Fabian Mrozek w barwach Liverpoolu (fot. Getty Images)
Fabian Mrozek w barwach Liverpoolu (fot. Getty Images)

Fabian Mrozek przez dwa lata trenował z pierwszą drużyną Liverpoolu (obecnie jest wypożyczony do szwedzkiej Brommapojkarny). W rozmowie z TVPSPORT.PL opowiedział o tym, czego nauczył się od Alissona, o radzie od Juergena Kloppa, małej rywalizacji z Mohamedem Salahem, swojej roli w pierwszej drużynie i nie tylko.

DALSZĄ CZĘŚĆ PRZECZYTASZ POD REKLAMĄ

  • Fabian Mrozek trafił do Liverpoolu w wieku szesnastu lat. "Wydawało mi się, że będę drugim Donnarummą"
  • Bramkarz zdradził, czyje strzały na treningu sprawiały mu najwięcej problemów i czyje – najmniej
  • O małej rywalizacji z... Mohamedem Salahem. "Śmialiśmy się, który następnego dnia pierwszy będzie na siłowni!"
  • Czego nauczył się od Alissona i co doradził mu Juergen Klopp?
  • Teraz rozgrywa pierwszy sezon w szwedzkiej Brommapojkarnie. Zanim tam trafił na wypożyczenie, miał jednak oferty z Polski. Zdradził, dlaczego nie trafił do kraju
  • Więcej piłkarskich treści na stronie TVPSPORT.PL

Smutny jubileusz Fabiańskiego. Wszystko zepsuł Haaland...

Czytaj też

Łukasz Fabiański (fot. Getty)

Smutny jubileusz Fabiańskiego. Wszystko zepsuł Haaland...

Przemysław Chlebicki, TVPSPORT.PL: – Jak ci się żyje w Szwecji?
Fabian Mrozek, piłkarz IF Brommapojkarna, wypożyczony z Liverpoolu:
– Pierwsze dwa tygodnie spędziłem w hotelu, a potem klub zorganizował mi mieszkanie. Miasto bardzo fajne. Na razie nie pada tyle, co w Anglii...

– Późną jesienią i zimą może być gorzej.
– Pytałem chłopaków z drużyny i mówili mi, że rok temu rozgrywali mecz w połowie listopada w dziesięciu stopniach na minusie. Na razie nie chcę o tym myśleć! Ale dam sobie radę!

– Twoim trenerem w Brommapojkarnie jest Olof Mellberg, ważna postać w szwedzkiej piłce. Jakim człowiekiem jest na co dzień i czego od was wymaga?
– Szczerze mówiąc, dopiero gdy przyszedłem, zapoznałem się z jego karierą. Nie wiedziałem wcześniej, że rozegrał ponad sto meczów w kadrze Szwecji. To normalny facet, który nie wymaga od nas nie wiadomo czego.
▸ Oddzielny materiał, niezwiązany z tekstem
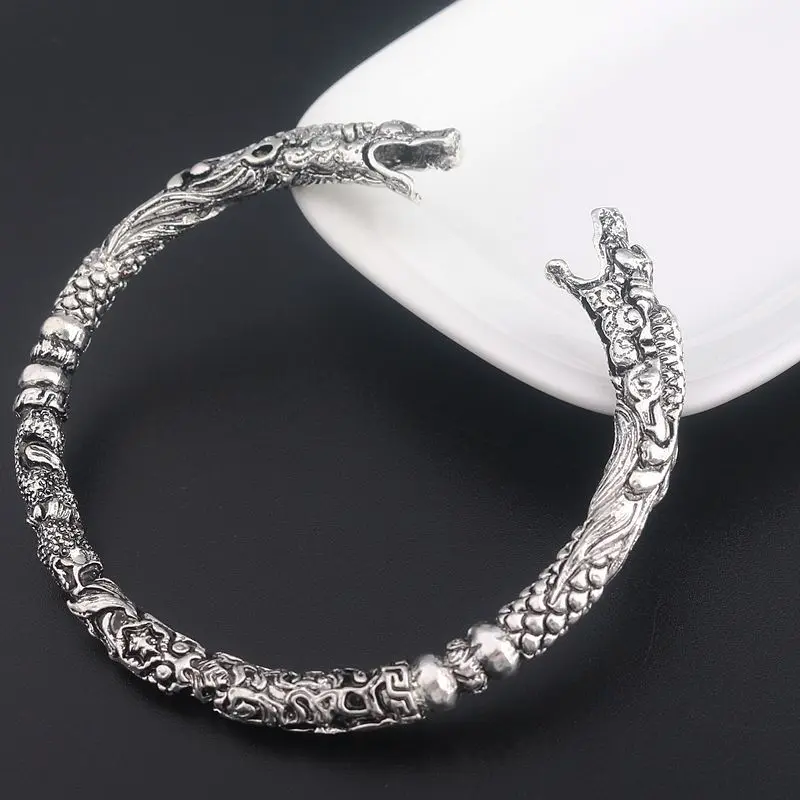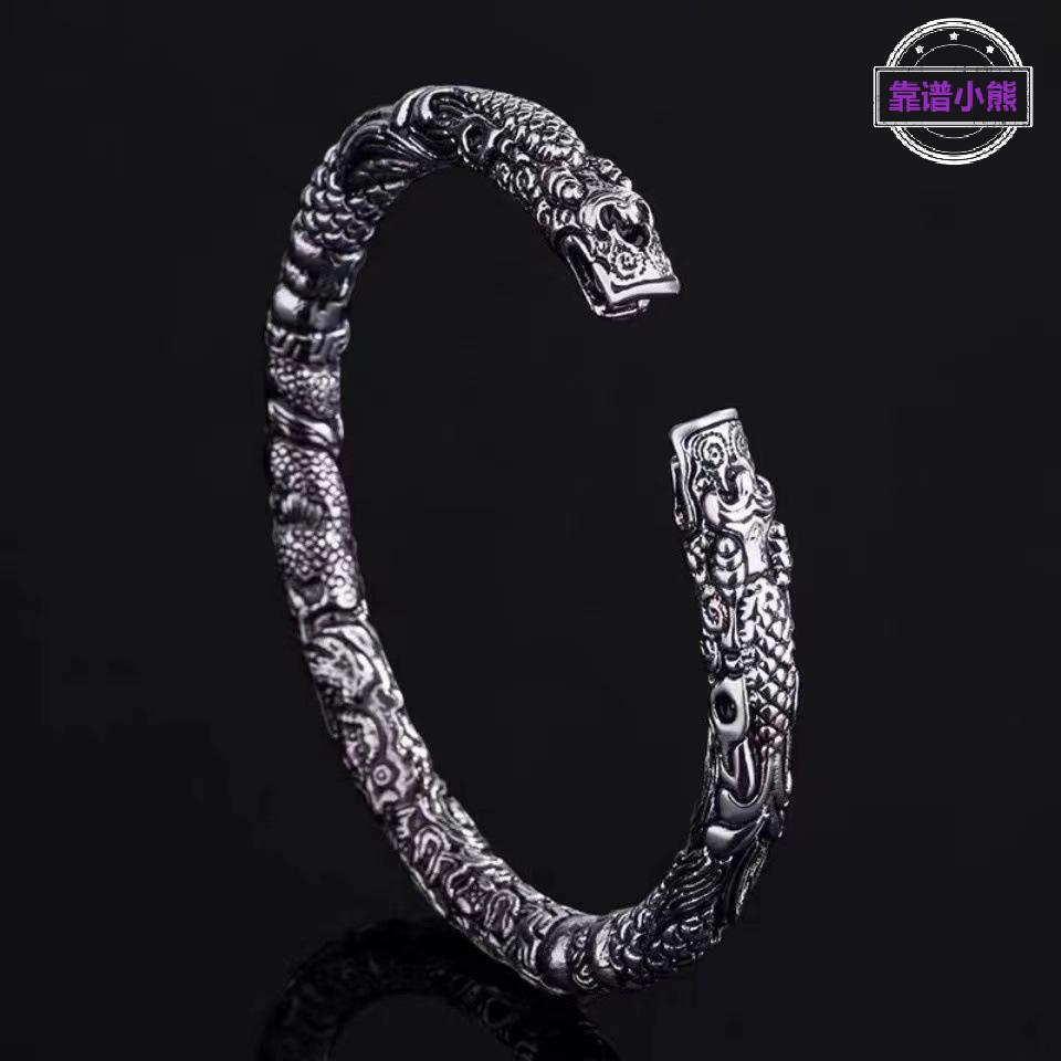 二手环仿泰银情侣响环双龙头复古同款霸气做旧男女手镯开口老九门
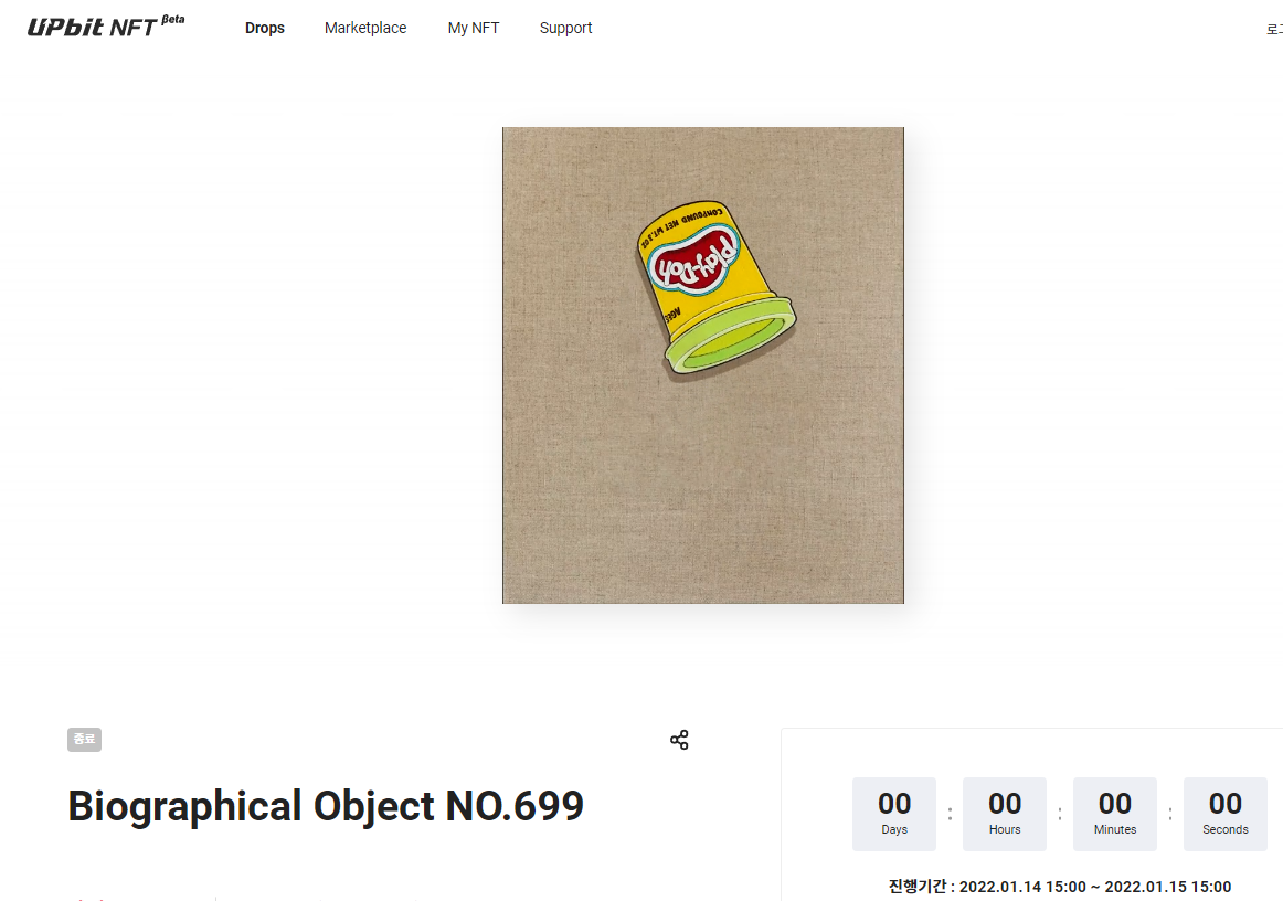드롭스의 경우 유명 크리에이터의 NFT를 가장 먼저 만나볼 수 있는 마켓입니다. 드롭스에는 리스트를 확인하고, 업비트 계좌 내 BTC로 입찰이 가능합니다. 또한 드롭스에 출품된 작품들의 경우 마감시간이 정해져 있어 기한 내 입찰을 진행해야 합니다.

Brommapojkarna jest w najwyższej lidze dopiero od dwóch sezonów, nie bije się o puchary, tylko – przynajmniej na razie – zostać w lidze i umocnić w niej pozycję. Na razie zaskoczyło mnie to, że w każdym z moich pierwszych czterech meczów graliśmy innym ustawieniem. 

– Czyli dużo z wami eksperymentuje.
– Graliśmy trójką, czwórką, a nawet piątką z tyłu. Trener bardziej stara się nas przygotowywać pod przeciwnika aniżeli narzucać nasz własny sposób gry. Rotacja ustawienia jest duża, choć patrząc na skład – ma swoją stałą jedenastkę. Ewentualnie czasem wymieni jednego zawodnika.

– Widziałem, że ostatnie mecze nie były dla was zbyt szczęśliwe pod względem straconych goli.
– Od początku sezonu jesteśmy trzecią drużyną z największą liczbą straconych goli w lidze. W pierwszym meczów wytrzymałem półtorej minuty!

– Miałeś chrzest bojowy.
– Gdy popatrzyłem na zegar, pomyślałem sobie: o kurczę, zaczyna się. W trzech meczach dostałem przynajmniej trzy gole. W czterech meczach dziesięć bramek – nie wygląda to dobrze na pierwszy rzut oka. Ale gdy analizowałem te gole, tylko przy dwóch mogłem zachować się lepiej. Jeśli ktoś mnie jednak zapyta czy zamiast zwycięstwa 4:3 z Goeteborgiem wolałbym wynik 0:0 – odpowiem oczywiście, że nie. To jednak moje pierwsze minuty w piłce seniorskiej, muszę się do niej dostosować. Rozmawiałem o tym ostatnio z trenerem i powiedział mi, że czyste konta jeszcze przyjdą. Wolałbym jednak, żeby przyszły trochę szybciej.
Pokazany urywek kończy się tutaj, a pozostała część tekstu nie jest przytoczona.